WHAT YOU WILL DO: Please write out all the entries exactly, without the pictures.

EXERCISE INPUT:
══════════════════════════════

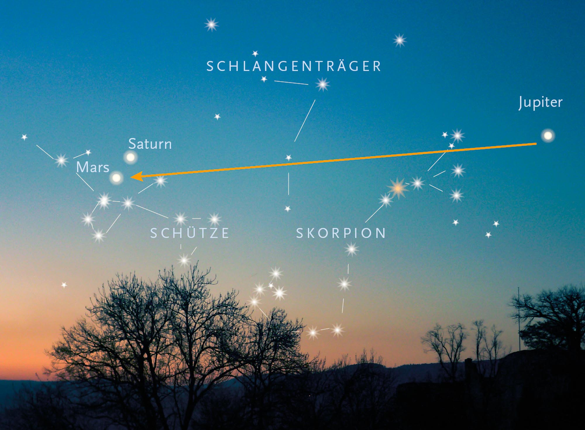 Die Spanne vom Fest der Jordantaufe bis Ostern dauerte drei Jahre und drei Monate. Im Kirchenjahr verdichtet sie sich in die drei- bis viermonatige Zeit von Epiphanias am 6. Januar bis zum Osterfest. Mit dem Aufstieg der Sonne wandert der Blick von der Geburt zum Tod und zur Auferstehung des Gottes. Dieses Jahr spiegelt Mars in seinem Lauf von Jupiter zu Saturn den Weg von der Taufe bis zur neuen Geburt. Am 6. und 7. Januar stand der rote Planet dicht bei Jupiter, dem Planeten des Erkennens und Ordnens. Nicht nur im Mythos repräsentiert Jupiter diese Eigenschaft. Er besitzt physisch mehr Masse als alle anderen Planeten zusammen und kann deshalb das Wo und Wie im Planetensystem prägen. Im Tierkreisbild der Waage, dem Bild des Gleichgewichtes, zeigte der Nachthimmel das klassische Bild des Willens, der durch Jupiter und damit durch die Kraft des Gedankens seine innere Ruhe und Balance bekommt. Mit dem Aufstieg der Sonne am Jahresanfang löste sich Mars von dem Erkenntnisplaneten und zog durch die dramatische Sternenregion des Skorpions. Kein Bild spiegelt die zerstörerische Kraft des Mars mehr als die geschwungene s-förmige Gestalt des Skorpions. Am Schwanz des Skorpions, wo der irdische Skorpion sein Gift hat, liegt auch das Zentrum der Milchstraße. Hinter Dunkelwolken, für die Teleskope deshalb kaum zu beobachten, liegt dort der Masseschlund, das schwarze Loch der Milchstraße.
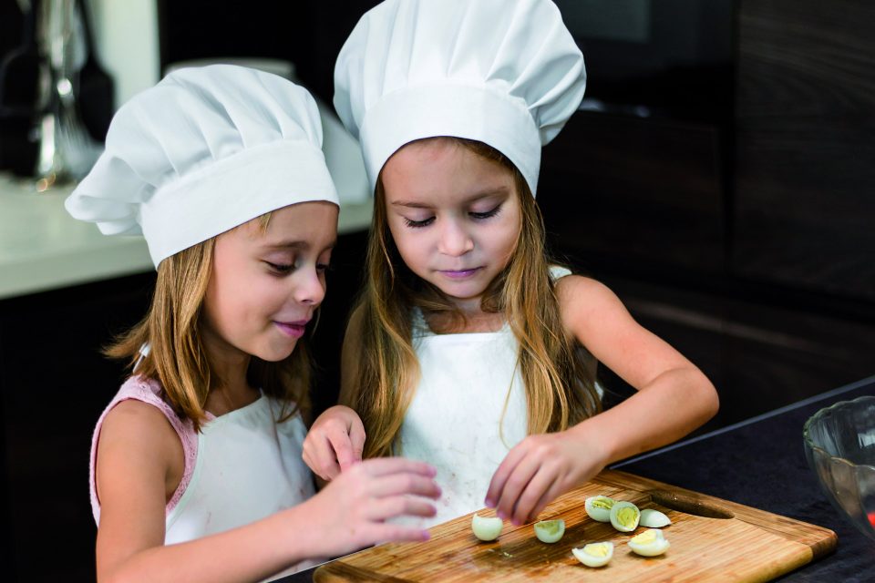 – Se tiver crianças de idades diferentes, pense na melhor forma de os envolver a todos. Os mais novos podem preparar os ingredientes, os mais velhos podem cortá-los. Os pequeninos conseguem amassar massas e os mais velhos podem pesar e temperar.
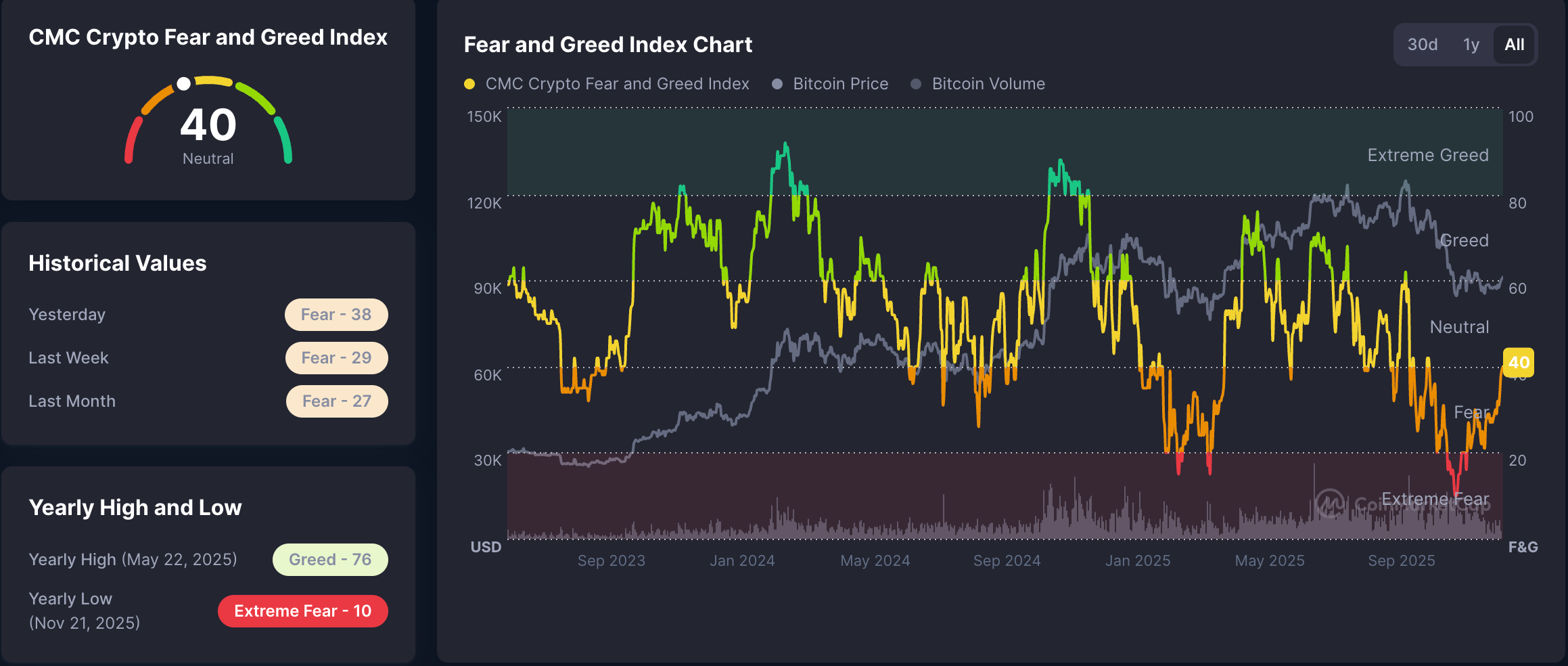 The Index is at 40, signaling that investors are no longer fearful, but they are not bullish on the crypto market either. The Index recorded its lowest sentiment reading of 2025 in November, when it hit a 10, indicating “extreme fear,” according to CoinMarketCap.
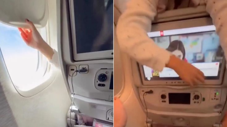 Στο βίντεο, που αναρτήθηκε στο X, εμφανίζεται ένας άνδρας επιβάτης να προσπαθεί να παρακολουθήσει την ταινία «Hocus Pocus 2» ενώ το παιδί, περίπου 4 ετών, προσπαθεί να σηκώσει το σκίαστρο του παραθύρου.
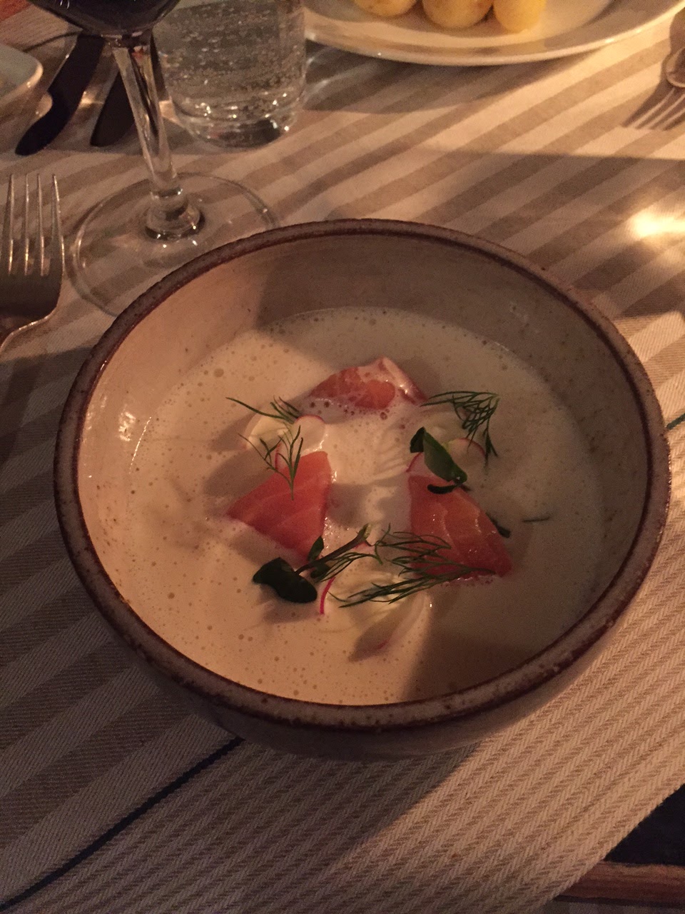The meal was spectacular, but the ambience probably the best part. Candle lit with grey and blue walls and minimal decorations, the attention here is on simple, traditional Scandinavian fare like my asparagus soup above. (One thing I’ve learned from traveling in the Nordic countries is that they love their asparagus in the spring. Can’t hate that!)

══════════════════════════════

COMPLETED EXERCISE:
 Die Spanne vom Fest der Jordantaufe bis Ostern dauerte drei Jahre und drei Monate. Im Kirchenjahr verdichtet sie sich in die drei- bis viermonatige Zeit von Epiphanias am 6. Januar bis zum Osterfest. Mit dem Aufstieg der Sonne wandert der Blick von der Geburt zum Tod und zur Auferstehung des Gottes. Dieses Jahr spiegelt Mars in seinem Lauf von Jupiter zu Saturn den Weg von der Taufe bis zur neuen Geburt. Am 6. und 7. Januar stand der rote Planet dicht bei Jupiter, dem Planeten des Erkennens und Ordnens. Nicht nur im Mythos repräsentiert Jupiter diese Eigenschaft. Er besitzt physisch mehr Masse als alle anderen Planeten zusammen und kann deshalb das Wo und Wie im Planetensystem prägen. Im Tierkreisbild der Waage, dem Bild des Gleichgewichtes, zeigte der Nachthimmel das klassische Bild des Willens, der durch Jupiter und damit durch die Kraft des Gedankens seine innere Ruhe und Balance bekommt. Mit dem Aufstieg der Sonne am Jahresanfang löste sich Mars von dem Erkenntnisplaneten und zog durch die dramatische Sternenregion des Skorpions. Kein Bild spiegelt die zerstörerische Kraft des Mars mehr als die geschwungene s-förmige Gestalt des Skorpions. Am Schwanz des Skorpions, wo der irdische Skorpion sein Gift hat, liegt auch das Zentrum der Milchstraße. Hinter Dunkelwolken, für die Teleskope deshalb kaum zu beobachten, liegt dort der Masseschlund, das schwarze Loch der Milchstraße.
 – Se tiver crianças de idades diferentes, pense na melhor forma de os envolver a todos. Os mais novos podem preparar os ingredientes, os mais velhos podem cortá-los. Os pequeninos conseguem amassar massas e os mais velhos podem pesar e temperar.
 The Index is at 40, signaling that investors are no longer fearful, but they are not bullish on the crypto market either. The Index recorded its lowest sentiment reading of 2025 in November, when it hit a 10, indicating “extreme fear,” according to CoinMarketCap.
 Στο βίντεο, που αναρτήθηκε στο X, εμφανίζεται ένας άνδρας επιβάτης να προσπαθεί να παρακολουθήσει την ταινία «Hocus Pocus 2» ενώ το παιδί, περίπου 4 ετών, προσπαθεί να σηκώσει το σκίαστρο του παραθύρου.
The meal was spectacular, but the ambience probably the best part. Candle lit with grey and blue walls and minimal decorations, the attention here is on simple, traditional Scandinavian fare like my asparagus soup above. (One thing I’ve learned from traveling in the Nordic countries is that they love their asparagus in the spring. Can’t hate that!)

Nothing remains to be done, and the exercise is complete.